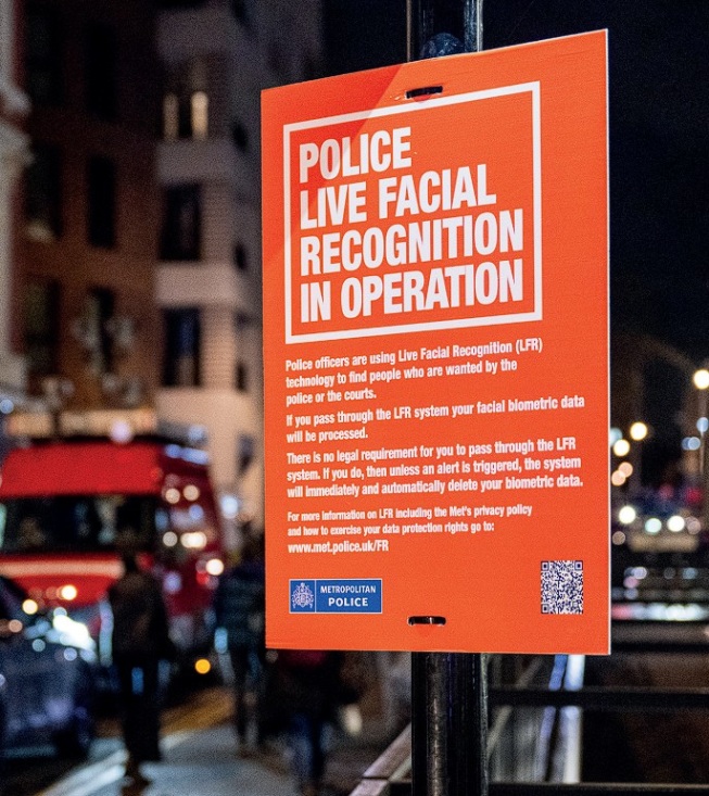 Ενημερωτική πινακίδα για χρήση ΤΑΠ σε δημόσιους χώρους στο Ηνωμένο Βασίλειο: «Οι αστυνομικοί χρησιμοποιούν τεχνολογία Ζωντανής Αναγνώρισης Προσώπου (ΖΑΠ) για να εντοπίζουν άτομα που καταζητούνται από την αστυνομία ή τα δικαστήρια. Εάν περάσετε από το σύστημα ΖΑΠ, τα βιομετρικά δεδομένα του προσώπου σας θα υποβληθούν σε επεξεργασία. Δεν υπάρχει νομική υποχρέωση να περάσετε από το σύστημα ΖΑΠ. Εάν το κάνετε, εκτός εάν ενεργοποιηθεί κάποιος συναγερμός, το σύστημα θα διαγράψει αμέσως και αυτόματα τα βιομετρικά σας δεδομένα. Για περισσότερες πληροφορίες σχετικά με το ΖΑΠ, συμπεριλαμβανομένης της πολιτικής απορρήτου της Met και του τρόπου άσκησης των δικαιωμάτων σας για την προστασία των δεδομένων, επισκεφθείτε τη διεύθυνση: www.met.police.uk./FR».[57]
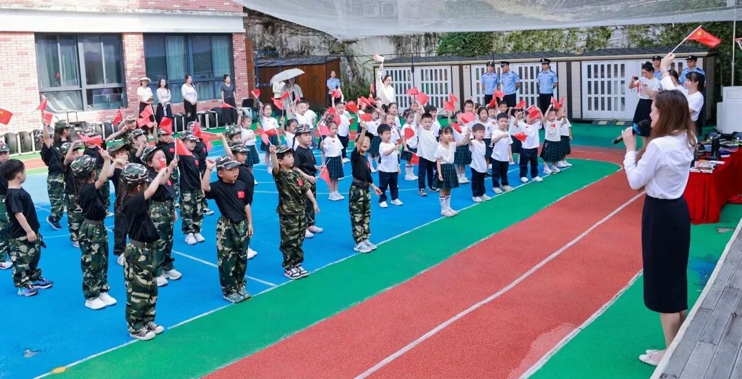 五马派出所民警化身“安全教官”,耐心指导孩子们进行队列训练,培养纪律意识与阅兵精神。
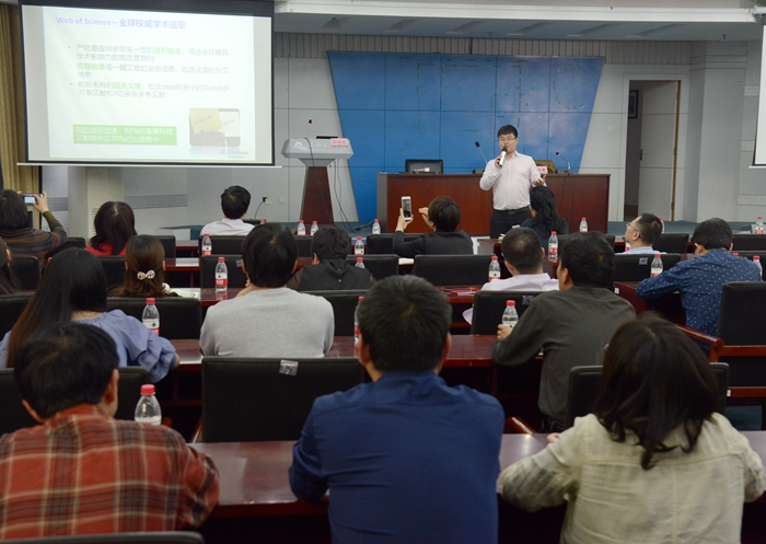 4月27日下午,“聚焦一流学科,推动一流学术研究”报告会在图书馆一楼会议室举行,特邀科睿唯安主管沈喨喨作主题报告,进一步帮助我校干部、教师和管理人员深入了解WOS、ESI、Incites的特点和使用方法,有效利用该平台进行全面的科研绩效分析。各二级学院、部处、直属单位负责人及分管科研、学科工作的相关人员参加报告会,会议由科学技术处负责人主持。
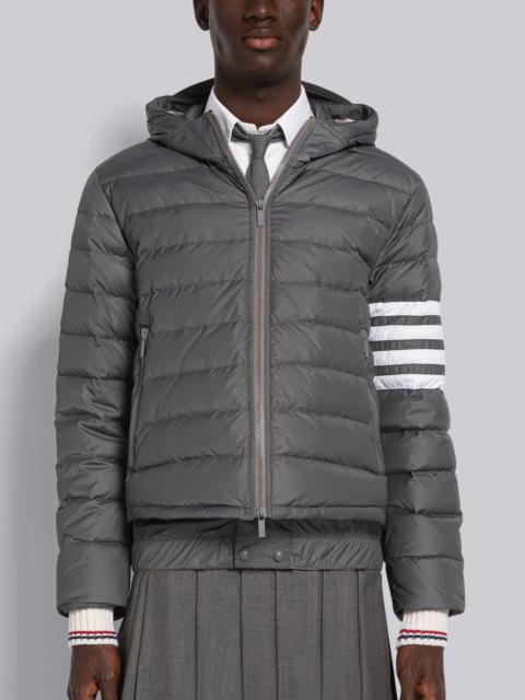 DETAILS & FIT Down-filled ski jacket in medium grey poly twill with 4-bar stripe detail at left sleeve in white. 2-way front zip closure, integrated hood, zip side pockets, ribbed cream cuffs with stripe detailing. Striped lining with striped webbing backpack straps. Signature striped grosgrain loop tab at back of neck. Model is 6' 1" (185cm), wearing size 0. 100% Polyester Combo1:100% Polyester Padding:80% White Goose Down, 20% White Goose Feathers Lining:100% Polyester Made in Italy MJD087X07259035 - SLEEVE LENGTH: 69.0cm - Shoulder Width: 15.0cm - Length: 66.0cm
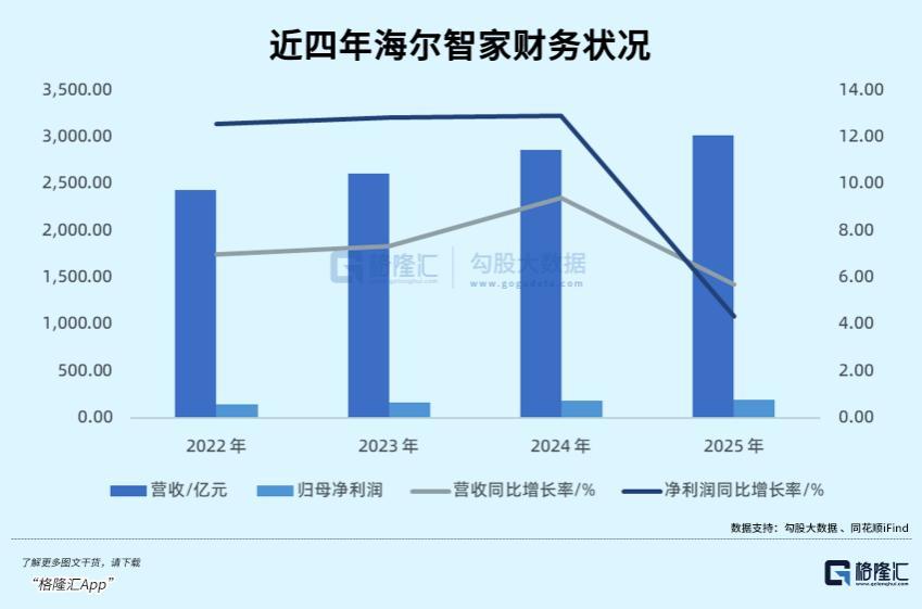 但对比2022年至2024年,这三年间海尔智家净利润增速均杰出10%,2025年的功绩,就小巫见大巫。
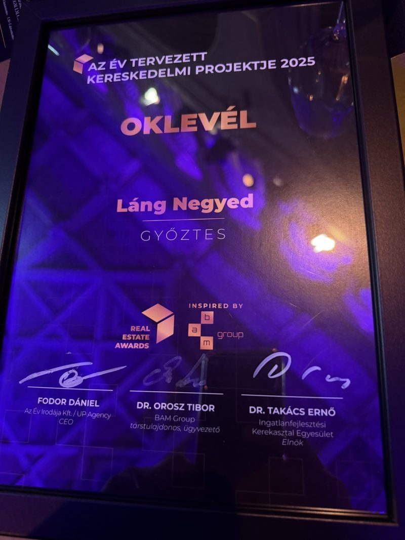A Paulinyi & Partners tervezésében megvalósuló Láng Negyed elnyerte az „Az Év Tervezett Kereskedelmi Projektje 2025” szakmai díjat. A Real Estates Awards elismerése a hazai ingatlan- és építőipari szektor egyik legnívósabb visszajelzése azon fejlesztések számára, amelyek komplexitásuk és városépítészeti jelentőségük szemléletük révén kiemelkednek a mezőnyből.
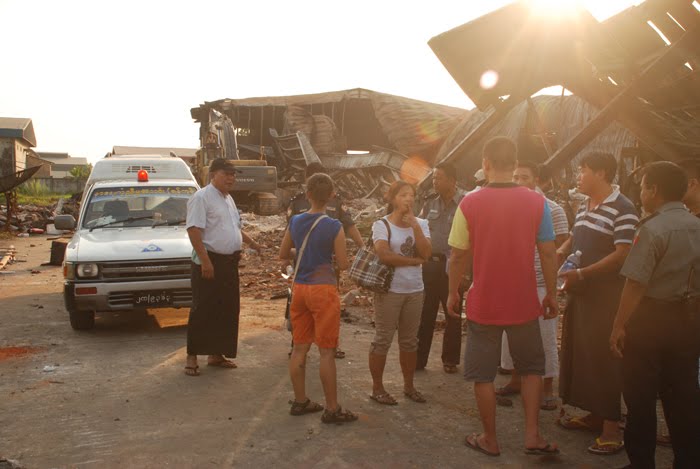 ၁၂၊ ၄၊ ၂၀၁၂ ရက္ေန႔ သႀကၤန္အႀကိဳေန႔တြင္ လိႈင္သာယာၿမိဳ႕နယ္ရွိ ေဖာ့ဘူးစက္႐ံုမီးေလာင္ကြၽမ္းမႈတြင္ အေဆာက္အဦး အပ်က္အစီးမ်ား အား ႐ွင္းလင္းဖယ္ရွားရာ၌ ႏိုင္ငံျခားသားတစ္ဦး၏ မီးေလာင္ကြၽမ္း၍ေသဆံုးေနေသာ႐ုပ္အေလာင္းအား ေတြ႔ရွိေသာေၾကာင့္ ယေန႔ ၁၃၊ ၄၊ ၂၀၁၂ (သႀကၤန္အက်ေန႔) တြင္ နာေရးကူညီမႈအသင္း (ရန္ကုန္) သို႔ ဆက္သြယ္အကူအညီေတာင္းခံလာသည့္အတြက္ နာေရးကူညီမႈအသင္း (ရန္ကုန္) သည္ ဝန္ထမ္းမ်ား႐ံုးဆင္းခ်ိန္ျဖစ္ေသာ္လည္း အေရးေပၚသြားေရာက္ကူညီေဖးမမႈကို သက္ဆိုင္ရာ မီးသတ္ဦးစီး႒ာနဝန္ထမ္းမ်ား ႏွင့္ ျမန္မာႏိုင္ငံျပည္သူ႔ရဲတပ္ဖြဲ႔ဝင္မ်ားႏွင့္ ပူးေပါင္း လုပ္ကိုင္ေပးခဲ့သည္။ ထုိ႔ေၾကာင့္ အမ်ားသူငါ ေပ်ာ္ရႊင္ၾကည္ႏူးစြာ ေရကစားေနၾကေသာ မဟာသႀကၤန္ပြဲေတာ္ရက္တြင္ နာေရးကူညီမႈအသင္း (ရန္ကုန္) အေနျဖင့္ ေသဆံုးသူမိသားစု၏ အပူမီးမ်ားကို လုိက္လံၿငိမ္းသတ္ေပးေနခဲ့ရ သည္။ တနည္းအားျဖင့္ နာေရးကာယကံ႐ွင္မိသားစုမ်ား၏ ကုိယ္တြင္းအပူမီးမ်ားကို ၿငိမ္းသတ္ေပးေနျခင္းပင္ျဖစ္ေတာ့သည္။
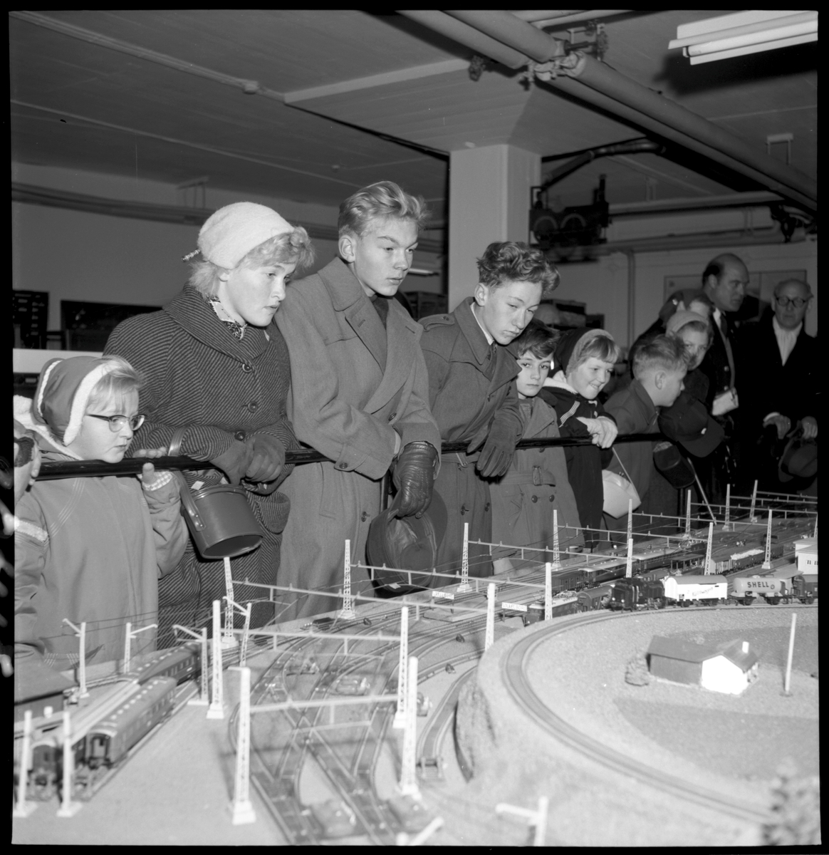 Skolungdomar från Holmön på besöket i Järnvägsmuseét. Intresset både bland gamla och unga är stor för SJ:s modelljärnvägsanläggning.
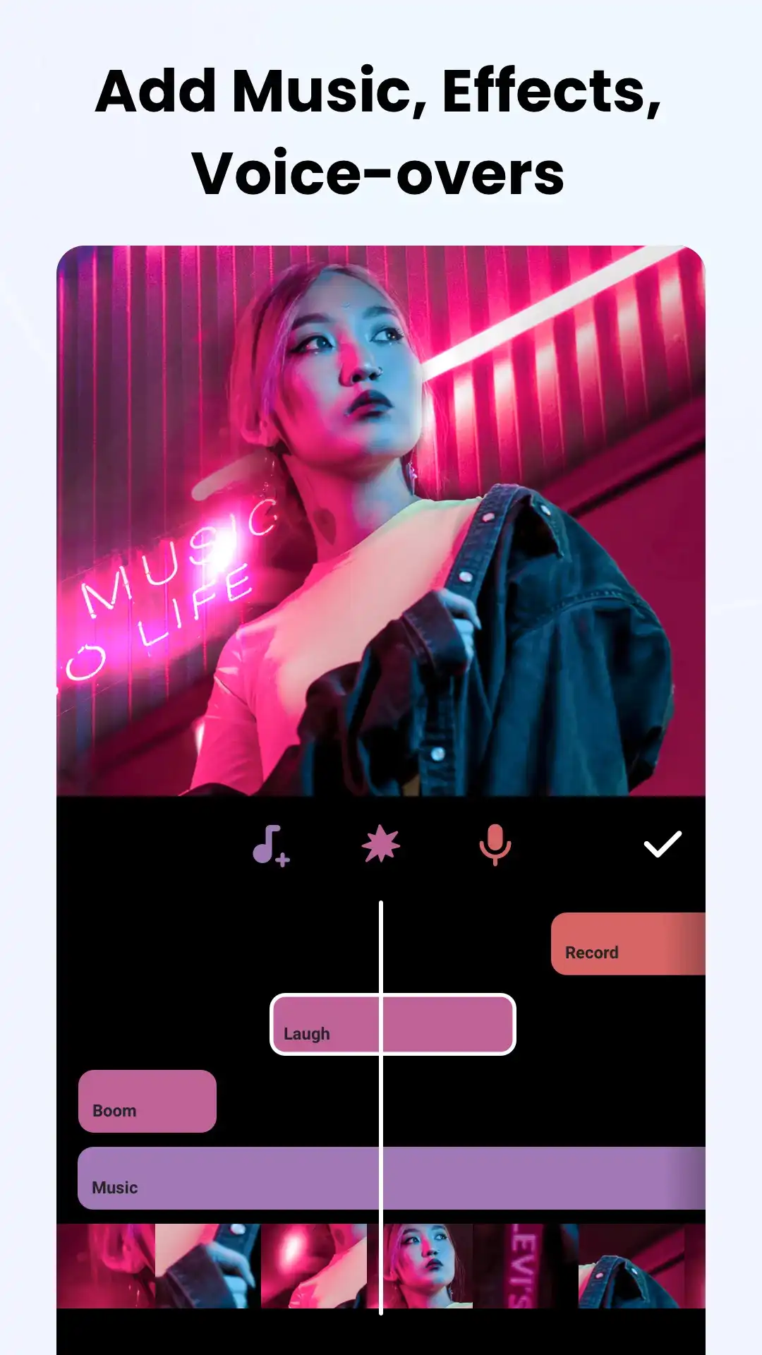 内置丰富版权音乐库,同时支持导入本地MP3音频;多轨道编辑功能让你自由叠加背景音乐、配音与音效,并可精细调节每轨音量、设置淡入淡出效果。

────────

Reproduce the entries above exactly, though not their pictures.

 Ενημερωτική πινακίδα για χρήση ΤΑΠ σε δημόσιους χώρους στο Ηνωμένο Βασίλειο: «Οι αστυνομικοί χρησιμοποιούν τεχνολογία Ζωντανής Αναγνώρισης Προσώπου (ΖΑΠ) για να εντοπίζουν άτομα που καταζητούνται από την αστυνομία ή τα δικαστήρια. Εάν περάσετε από το σύστημα ΖΑΠ, τα βιομετρικά δεδομένα του προσώπου σας θα υποβληθούν σε επεξεργασία. Δεν υπάρχει νομική υποχρέωση να περάσετε από το σύστημα ΖΑΠ. Εάν το κάνετε, εκτός εάν ενεργοποιηθεί κάποιος συναγερμός, το σύστημα θα διαγράψει αμέσως και αυτόματα τα βιομετρικά σας δεδομένα. Για περισσότερες πληροφορίες σχετικά με το ΖΑΠ, συμπεριλαμβανομένης της πολιτικής απορρήτου της Met και του τρόπου άσκησης των δικαιωμάτων σας για την προστασία των δεδομένων, επισκεφθείτε τη διεύθυνση: www.met.police.uk./FR».[57]
 五马派出所民警化身“安全教官”,耐心指导孩子们进行队列训练,培养纪律意识与阅兵精神。
 4月27日下午,“聚焦一流学科,推动一流学术研究”报告会在图书馆一楼会议室举行,特邀科睿唯安主管沈喨喨作主题报告,进一步帮助我校干部、教师和管理人员深入了解WOS、ESI、Incites的特点和使用方法,有效利用该平台进行全面的科研绩效分析。各二级学院、部处、直属单位负责人及分管科研、学科工作的相关人员参加报告会,会议由科学技术处负责人主持。
 DETAILS & FIT Down-filled ski jacket in medium grey poly twill with 4-bar stripe detail at left sleeve in white. 2-way front zip closure, integrated hood, zip side pockets, ribbed cream cuffs with stripe detailing. Striped lining with striped webbing backpack straps. Signature striped grosgrain loop tab at back of neck. Model is 6' 1" (185cm), wearing size 0. 100% Polyester Combo1:100% Polyester Padding:80% White Goose Down, 20% White Goose Feathers Lining:100% Polyester Made in Italy MJD087X07259035 - SLEEVE LENGTH: 69.0cm - Shoulder Width: 15.0cm - Length: 66.0cm
 但对比2022年至2024年,这三年间海尔智家净利润增速均杰出10%,2025年的功绩,就小巫见大巫。
A Paulinyi & Partners tervezésében megvalósuló Láng Negyed elnyerte az „Az Év Tervezett Kereskedelmi Projektje 2025” szakmai díjat. A Real Estates Awards elismerése a hazai ingatlan- és építőipari szektor egyik legnívósabb visszajelzése azon fejlesztések számára, amelyek komplexitásuk és városépítészeti jelentőségük szemléletük révén kiemelkednek a mezőnyből.
 ၁၂၊ ၄၊ ၂၀၁၂ ရက္ေန႔ သႀကၤန္အႀကိဳေန႔တြင္ လိႈင္သာယာၿမိဳ႕နယ္ရွိ ေဖာ့ဘူးစက္႐ံုမီးေလာင္ကြၽမ္းမႈတြင္ အေဆာက္အဦး အပ်က္အစီးမ်ား အား ႐ွင္းလင္းဖယ္ရွားရာ၌ ႏိုင္ငံျခားသားတစ္ဦး၏ မီးေလာင္ကြၽမ္း၍ေသဆံုးေနေသာ႐ုပ္အေလာင္းအား ေတြ႔ရွိေသာေၾကာင့္ ယေန႔ ၁၃၊ ၄၊ ၂၀၁၂ (သႀကၤန္အက်ေန႔) တြင္ နာေရးကူညီမႈအသင္း (ရန္ကုန္) သို႔ ဆက္သြယ္အကူအညီေတာင္းခံလာသည့္အတြက္ နာေရးကူညီမႈအသင္း (ရန္ကုန္) သည္ ဝန္ထမ္းမ်ား႐ံုးဆင္းခ်ိန္ျဖစ္ေသာ္လည္း အေရးေပၚသြားေရာက္ကူညီေဖးမမႈကို သက္ဆိုင္ရာ မီးသတ္ဦးစီး႒ာနဝန္ထမ္းမ်ား ႏွင့္ ျမန္မာႏိုင္ငံျပည္သူ႔ရဲတပ္ဖြဲ႔ဝင္မ်ားႏွင့္ ပူးေပါင္း လုပ္ကိုင္ေပးခဲ့သည္။ ထုိ႔ေၾကာင့္ အမ်ားသူငါ ေပ်ာ္ရႊင္ၾကည္ႏူးစြာ ေရကစားေနၾကေသာ မဟာသႀကၤန္ပြဲေတာ္ရက္တြင္ နာေရးကူညီမႈအသင္း (ရန္ကုန္) အေနျဖင့္ ေသဆံုးသူမိသားစု၏ အပူမီးမ်ားကို လုိက္လံၿငိမ္းသတ္ေပးေနခဲ့ရ သည္။ တနည္းအားျဖင့္ နာေရးကာယကံ႐ွင္မိသားစုမ်ား၏ ကုိယ္တြင္းအပူမီးမ်ားကို ၿငိမ္းသတ္ေပးေနျခင္းပင္ျဖစ္ေတာ့သည္။
 Skolungdomar från Holmön på besöket i Järnvägsmuseét. Intresset både bland gamla och unga är stor för SJ:s modelljärnvägsanläggning.
 内置丰富版权音乐库,同时支持导入本地MP3音频;多轨道编辑功能让你自由叠加背景音乐、配音与音效,并可精细调节每轨音量、设置淡入淡出效果。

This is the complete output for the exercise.